Jul 10, 2014, 12:37 PM EST
PHILADELPHIA — For the second time in two days, the most anticipated matchup of the day at Reebok’s Breakout Classic turned into a bust.
Diamond Stone, the No. 6 ranked recruit in Rivals’ top 150, squared off with Elijah Thomas, who checks in at No. 11, and the two combined to finish without a single field goal and a total of just three points as Thomas’ team put a whooping on Stone’s team. On Wednesday during the opening game of the camp, Stone dominated Skal Labissiere for about five minutes until that second plate of pregame macaroni got the best of him.

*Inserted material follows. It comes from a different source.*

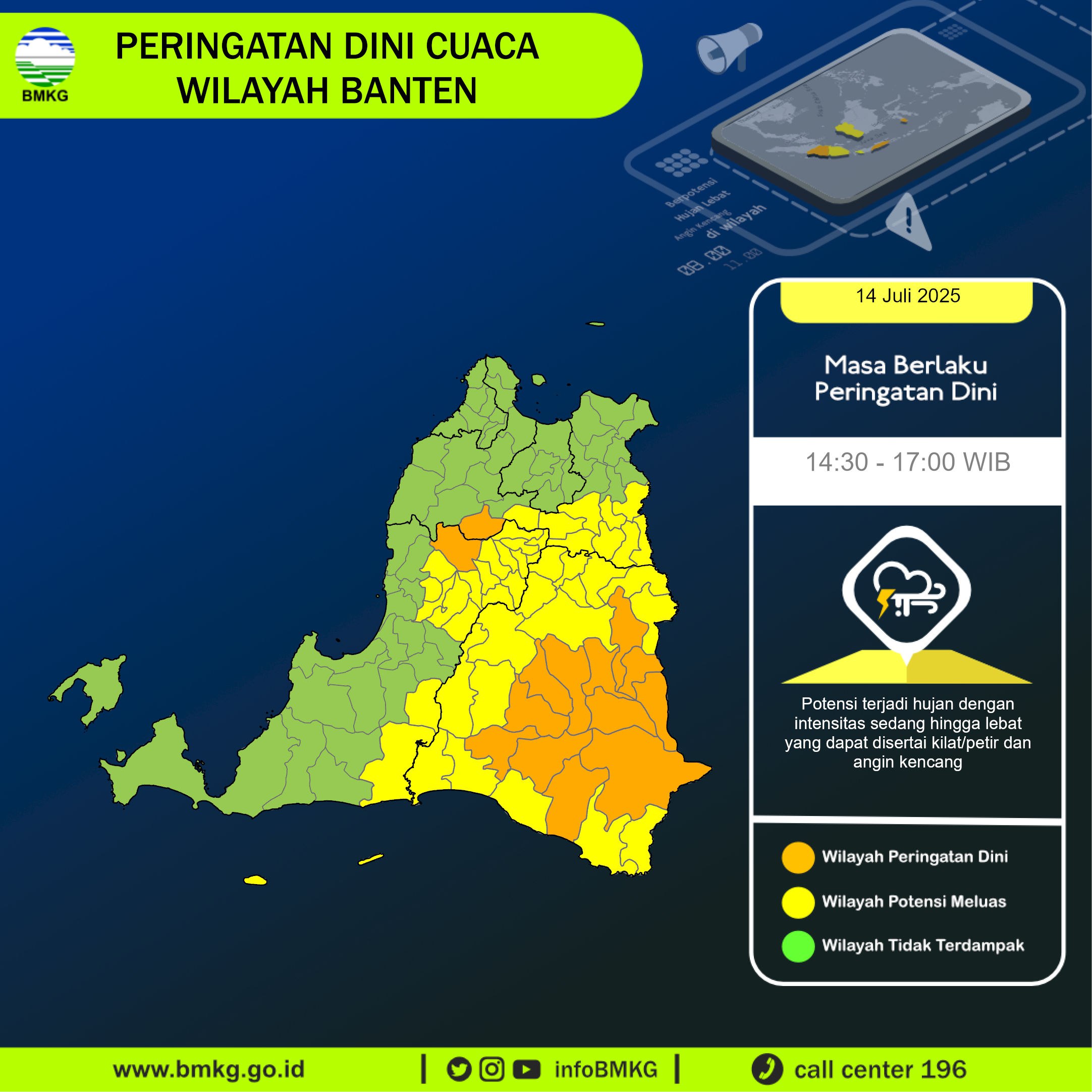 UPDATE Peringatan Dini Cuaca Banten tgl 14 Juli 2025 pkl 14:00 WIB masih berpotensi terjadi Hujan Sedang-Lebat yang dapat disertai Kilat/Petir dan Angin Kencang pada pkl. 14:30 WIB di

Stone struggled with the physicality of Thomas, as he was unable to establish good position on the low block and he couldn’t find a way to bully his way to the rim from 15 feet out.
“There’s a lot of competition, big time guys and guys I know,” Stone told NBCSports.com. “This was a real physical game between me and Elijah. We’re both physical players. The refs weren’t giving a lot of calls, but that’s the way it should be between the two most physical players in the Class of 2015.”
In short, Thursday provided Stone with a template for what he needs to do to take the next step in his development: continue to develop his face-up game and add to his back-to-the-basket repertoire.
“I need to be able to make my moves faster,” he said.
Every prospect at this age is a work in progress, but it’s clear to see that Stone has already started that process of improving. He’s worked on his body, getting rid of some of his baby fat and toning up his physique. His father told NBCSports.com that he’s down to 246 pounds from 263 earlier this year, something that Stone credits to long hours in the gym and the weight room this spring.
As far as Stone’s recruitment in concerned, the big story that all of the recruiting world is talking about is a package deal between him and the nation’s best guard, Malik Newman. Stone told NBCSports.com that nothing is set in stone (pun intended) and that both he and Newman are open to any school that is looking recruit them, individually or together.
As Stone tells it, the two have been friends for years, and that the package deal is more about two buddies that want to go to school together than anythhing.
“We met in eighth grade at John Lucas Camp, and we just connected right there,” Stone said. “He’s one of my best friends. I talk to him every day.”
“Who wouldn’t want to go to college with their best friend?”